When I see the credit that a spread offers, I always think to myself that I would be a pretty lousy trader if I wasn't able to make more money buying an option or stock than a credit spread offers. If I can't do better than the credit, I won't take a trade.

This doesn't mean that the strategy isn't profitable, it doesn't mean it is an aceptable way to make money, or a much higher probability trade. In fact, all these things are true. They are just not for me. they don't suit my personality or style very well.
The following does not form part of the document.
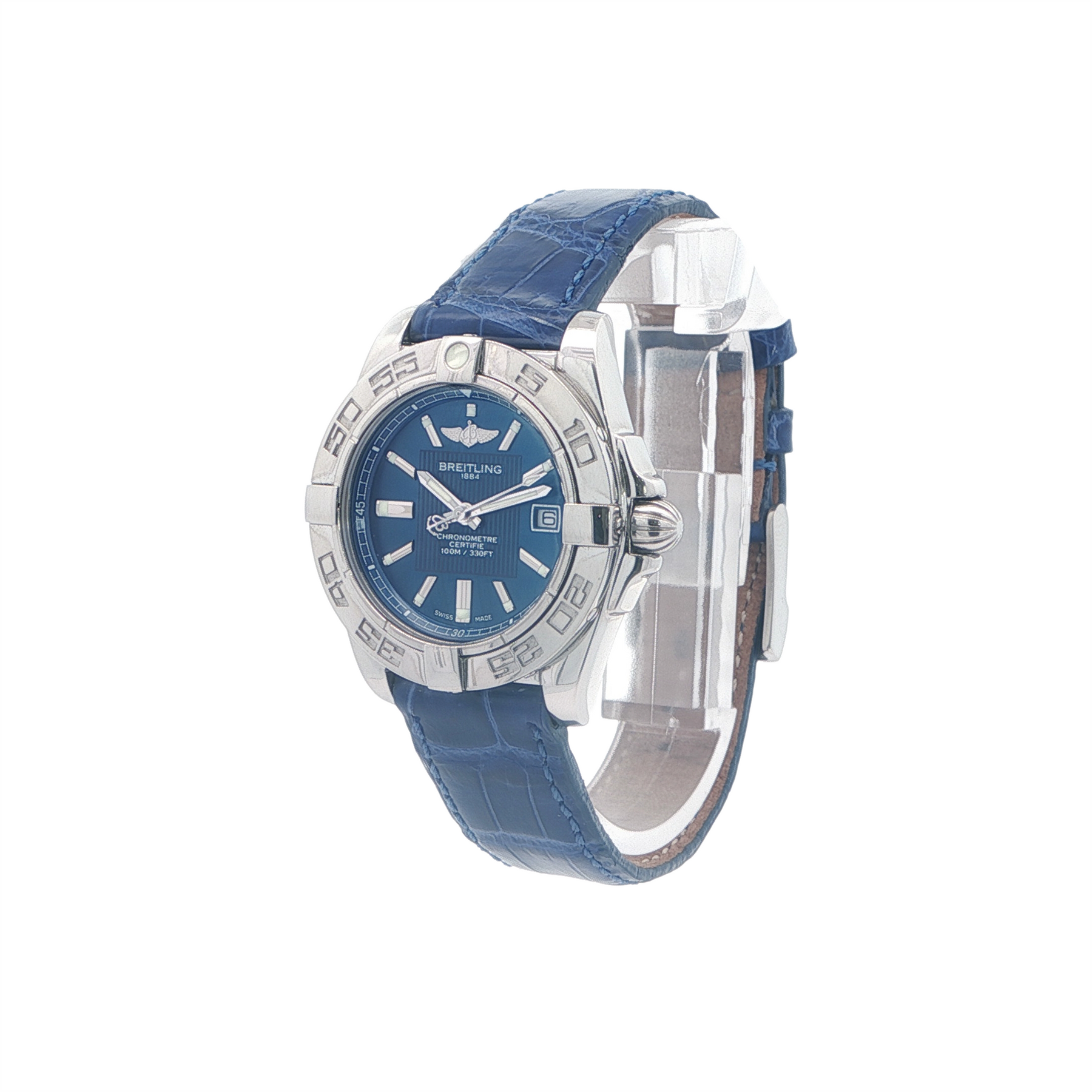 This Breitling Cockpit is a sophisticated timepiece that blends classic design with modern precision. This model features a deep blue dial paired with a matching blue alligator strap, creating a cohesive and striking look that stands out while remaining understated. Housed in a 32 mm stainless steel case, the watch offers a balanced presence on the wrist, perfect for both professional and casual settings. Powered by a reliable quartz movement, it ensures precision and ease of use, while Breitling’s renowned craftsmanship guarantees durability and long-term value. With its timeless styling, refined details, and harmonious color palette, this Cockpit is ideal for anyone seeking a versatile, elegant, and unmistakably Breitling watch.

Wed, January 9, 2008 at 08:48AM | Unregistered CommenterOption Addict

Jeff,
Would you consider EDU a failed breakout or still consolidating?

Wed, January 9, 2008 at 08:48AM | Unregistered Commenterjym

DRYS - making my day in a very big way.

Wed, January 9, 2008 at 08:51AM | Unregistered CommenterDoji Girl

Jeff -
LFC - are you considering this just a retest? I'd rather not see this go all the way back up to meet the descending resistance line. I played this as a desc. tri. breakout.

Wed, January 9, 2008 at 08:56AM | Unregistered CommenterDoji Girl

Jeff or other OA's

To log or not to log. Check out the chart on CSUN, with the log on it has hit its head on the trendline at about $18 and proceeded to fall sharply. With the log off it has come back to its trendline support. There is a big difference on this chart. When using log on other charts there is usually not this much a difference. So my question is would you play this as a support bounce?

Jon

Wed, January 9, 2008 at 08:57AM | Unregistered CommenterJP from OC

DG,
I second the DRYS move. I chickened out and took profits.

Wed, January 9, 2008 at 08:58AM | Unregistered Commenterdc

On the subject of MOS,
Came out with great earnings before the bell, was up in pre hours trading, got an analyst upgrade, gapped up, stayed high, and then tanked. I don't think this was a sell the news because it was down big the last 2 days. I am not invested in it but I'm trying to understand the price action. Can anyone explain?